Directions for this task: What follows is a listing; repeat exactly, and only, its lines from the one holding "Fun and modern" through the last, leaving any pictures out.
───── Data block
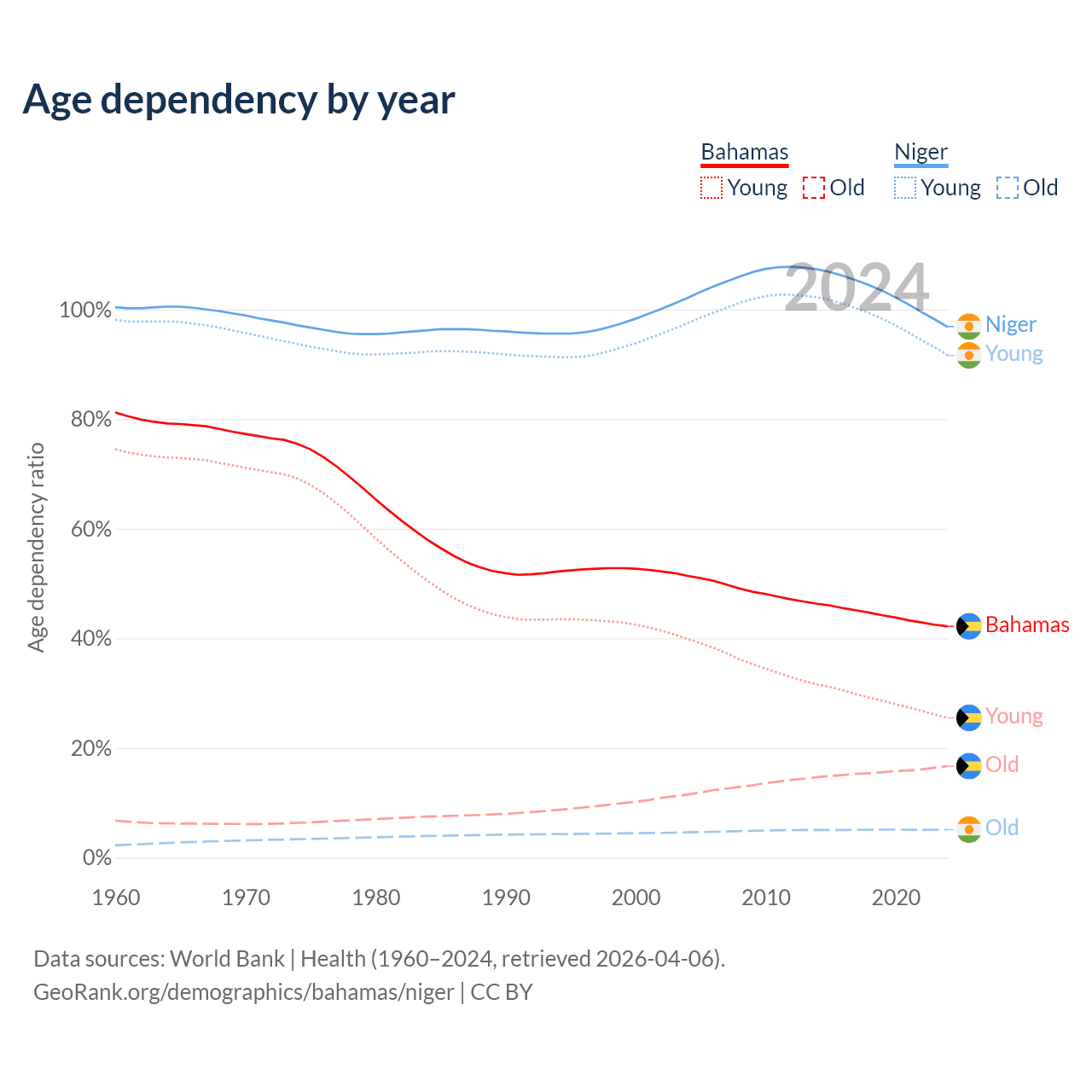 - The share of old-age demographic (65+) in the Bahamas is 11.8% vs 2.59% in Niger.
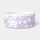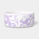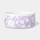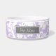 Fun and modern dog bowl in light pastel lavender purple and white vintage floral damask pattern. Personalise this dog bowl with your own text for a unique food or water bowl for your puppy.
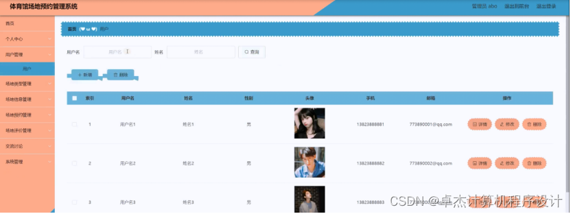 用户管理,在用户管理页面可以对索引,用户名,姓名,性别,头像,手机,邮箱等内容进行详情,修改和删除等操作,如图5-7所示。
──────────
Solution to this problem:
 Fun and modern dog bowl in light pastel lavender purple and white vintage floral damask pattern. Personalise this dog bowl with your own text for a unique food or water bowl for your puppy.
 用户管理,在用户管理页面可以对索引,用户名,姓名,性别,头像,手机,邮箱等内容进行详情,修改和删除等操作,如图5-7所示。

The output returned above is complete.